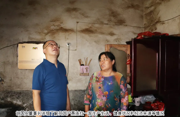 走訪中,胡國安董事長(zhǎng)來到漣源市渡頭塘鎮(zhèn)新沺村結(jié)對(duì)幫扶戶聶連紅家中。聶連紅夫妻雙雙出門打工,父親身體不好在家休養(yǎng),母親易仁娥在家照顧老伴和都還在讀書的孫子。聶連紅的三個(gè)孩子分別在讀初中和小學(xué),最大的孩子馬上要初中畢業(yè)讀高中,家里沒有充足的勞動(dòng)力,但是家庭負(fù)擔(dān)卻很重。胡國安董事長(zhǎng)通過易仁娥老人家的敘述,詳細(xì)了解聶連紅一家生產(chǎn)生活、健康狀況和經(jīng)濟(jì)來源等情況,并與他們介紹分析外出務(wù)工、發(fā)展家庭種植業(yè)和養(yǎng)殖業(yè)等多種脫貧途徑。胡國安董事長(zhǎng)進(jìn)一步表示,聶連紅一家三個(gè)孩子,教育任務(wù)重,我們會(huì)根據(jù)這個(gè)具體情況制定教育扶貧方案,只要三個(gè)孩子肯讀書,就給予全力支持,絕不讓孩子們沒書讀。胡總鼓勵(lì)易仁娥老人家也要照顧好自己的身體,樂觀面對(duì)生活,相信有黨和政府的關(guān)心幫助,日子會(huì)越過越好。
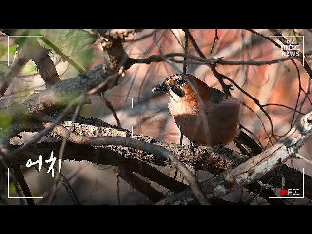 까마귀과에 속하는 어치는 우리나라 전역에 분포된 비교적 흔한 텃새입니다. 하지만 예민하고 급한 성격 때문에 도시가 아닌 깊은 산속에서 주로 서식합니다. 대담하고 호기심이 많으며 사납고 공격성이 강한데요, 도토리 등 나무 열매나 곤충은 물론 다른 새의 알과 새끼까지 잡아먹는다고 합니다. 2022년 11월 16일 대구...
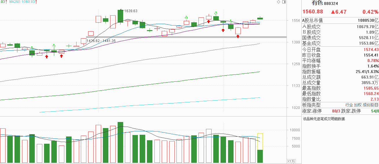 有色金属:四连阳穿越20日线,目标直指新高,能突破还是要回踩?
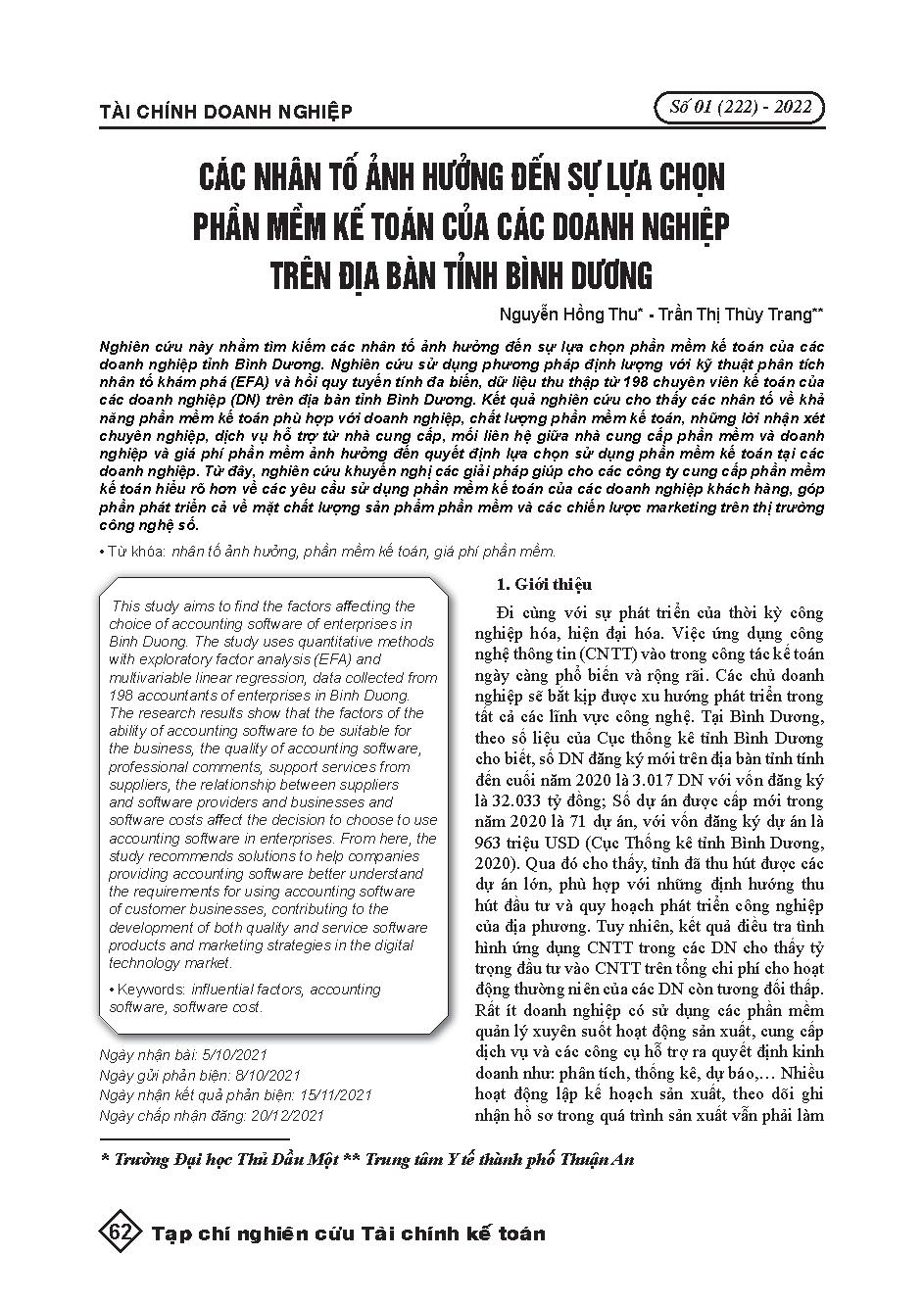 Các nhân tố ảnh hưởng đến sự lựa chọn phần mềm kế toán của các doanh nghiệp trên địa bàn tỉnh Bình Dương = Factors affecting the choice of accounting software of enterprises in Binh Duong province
...
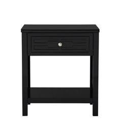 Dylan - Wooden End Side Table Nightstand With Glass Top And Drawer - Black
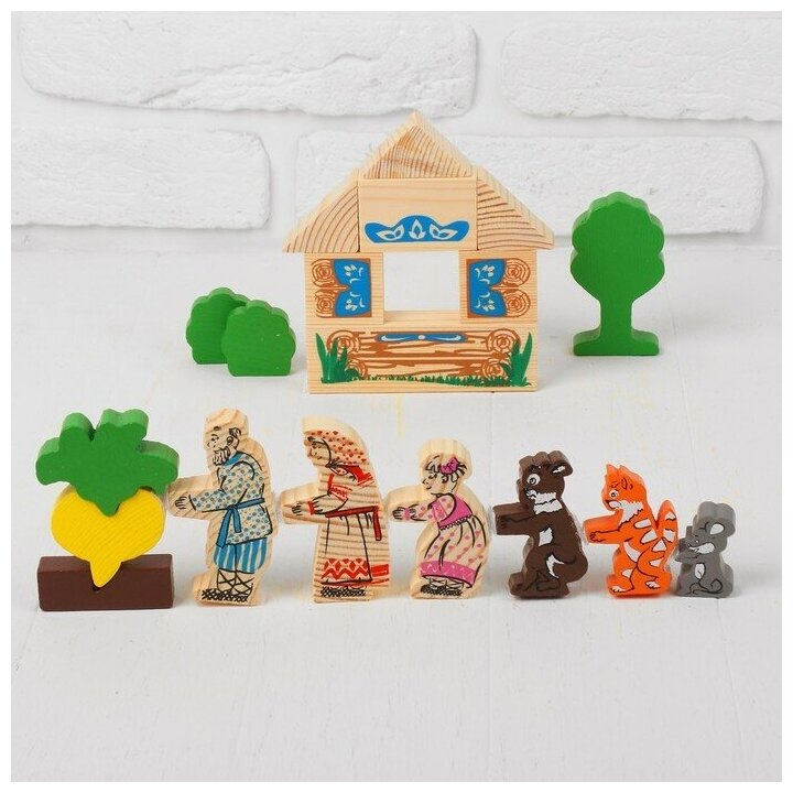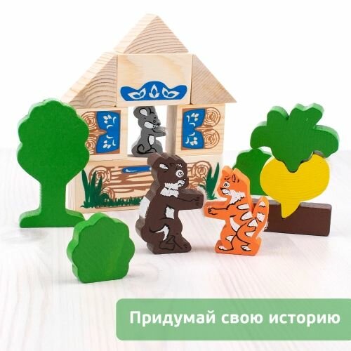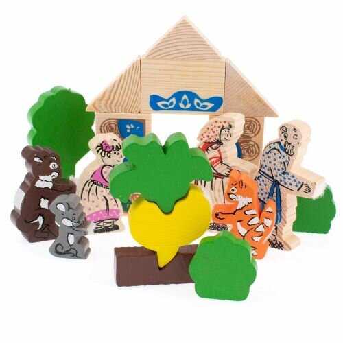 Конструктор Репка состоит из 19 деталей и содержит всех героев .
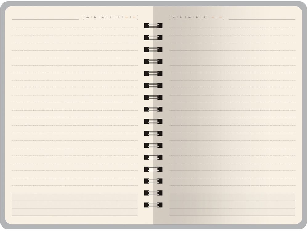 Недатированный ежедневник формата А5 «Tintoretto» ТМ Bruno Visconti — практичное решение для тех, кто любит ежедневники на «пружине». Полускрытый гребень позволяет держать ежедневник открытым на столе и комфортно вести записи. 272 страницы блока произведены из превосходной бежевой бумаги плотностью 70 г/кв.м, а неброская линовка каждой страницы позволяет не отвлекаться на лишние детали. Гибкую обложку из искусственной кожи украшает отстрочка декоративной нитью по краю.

What this task involves:
Only the lines starting at the one with "Dylan - Wooden" and ending at the one with "Недатированный ежедневник формата" should be printed, each exactly as it appears in the material above; the pictures are to be omitted.

Written reply:
 Dylan - Wooden End Side Table Nightstand With Glass Top And Drawer - Black
 Конструктор Репка состоит из 19 деталей и содержит всех героев .
 Недатированный ежедневник формата А5 «Tintoretto» ТМ Bruno Visconti — практичное решение для тех, кто любит ежедневники на «пружине». Полускрытый гребень позволяет держать ежедневник открытым на столе и комфортно вести записи. 272 страницы блока произведены из превосходной бежевой бумаги плотностью 70 г/кв.м, а неброская линовка каждой страницы позволяет не отвлекаться на лишние детали. Гибкую обложку из искусственной кожи украшает отстрочка декоративной нитью по краю.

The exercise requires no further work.